Bad phorm as company website attacks critics

28 April 2009

Phorm have been criticised on numerous occasions for their approach to privacy, as they bid to revolutionise online advertising by targetting users based on their usage. The thrust of the concerns stem from Phorm doing deals with ISPs to collect personal date, thereby bypassing the privacy rights of individual users. According to a spokesperson for Phorm, even if a user opts out of involvement, information about their browsing activities would still be processed. Needless to say, it's a complex and never-ending arguement, one that has involved court cases and created a world of fury online.

Regardless, Phorm are a big US company earning millions from their products. So what happens when they start finding the pressure from critics too much? Most in their position would ignore it. Not Phorm. They create a website that attacks them - Stop Phoul Play - to "expose the smear and set out the true story, so that you can judge the facts for yourself". It then proceeds to rake the muck on named individuals who it deems to have caused it trouble by questioning its product and intent:

So that's the record "set straight" by Phorm then, despite the fact that in the past they've been caught in the act of favourably editing their own Wikipedia entry. It ultimately feels likes the biggest PR blunder ever signed-off, and far from dousing the fire, it'll only fan the flames.

Meanwhile there are seven shades of shit kicking off as a Freedom of Information request has proven an ongoing dialogue between Phorm and the Home Office. The exchange between the two parties began in 2007, and according to the BBC shows the Home Office requesting advice from Phorm on its views regarding "behavioural targeted advertising, and making specific reference to Phorm's technology". WTF? So the Government was asking Phorm to have a hand in shaping the Government's strategy on Phorm's area of business?

Understandably, there aren't many people happy about the revelation, including the Open Rights Group which has just published a statement saying: "We condemn this approach to law enforcement. The Home Office’s job is to uphold the law, not to reinterpret it for commercial interests.

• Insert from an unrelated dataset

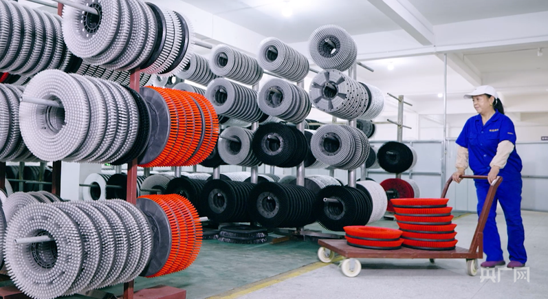 源潭镇制刷工人正在对产品进行规整收纳(央广网记者 刘畅司晨摄)

"This revelation is yet another reason why major websites should make a stand for the rule of law and exercise their right to block Phorm from their websites."

19 comments

  • Russ
    Phorm really are a scary lot. The whole 'opt out' thing still tracks users, leaving all the cookie nonsense in the browser cache, but it just doesnt use the data it collects.... I think theyre missing the point of opting out!
  • Russ
    PS Theyre also the same people behind Media121 (remember those guys who gave us all free root-kits for our computers!) Wonder why they changed their name for this venture, lol.
  • Mike H.
    I'd like to phorm a turd and lay it on the doorstep of their headquarters, winkers!
  • Dave T.
    The goverment intend to use Phorm as a way of tracking internet activity - wake up these are BAD mofos
  • The B.
    You neglected to mention that the EU is now taking proceedings against her Majestys Government for failing to conform to EU privacy laws and for basically avoiding the issue on the 3 occasions they were asked by the EU what the hell was going on, all because HM Gov is well and truly in bed with Phorm and has said that everything they're doing is utterly illegal. At least you've credited the story to The Reg this time without simply lifting it lock stock.
  • Paul S.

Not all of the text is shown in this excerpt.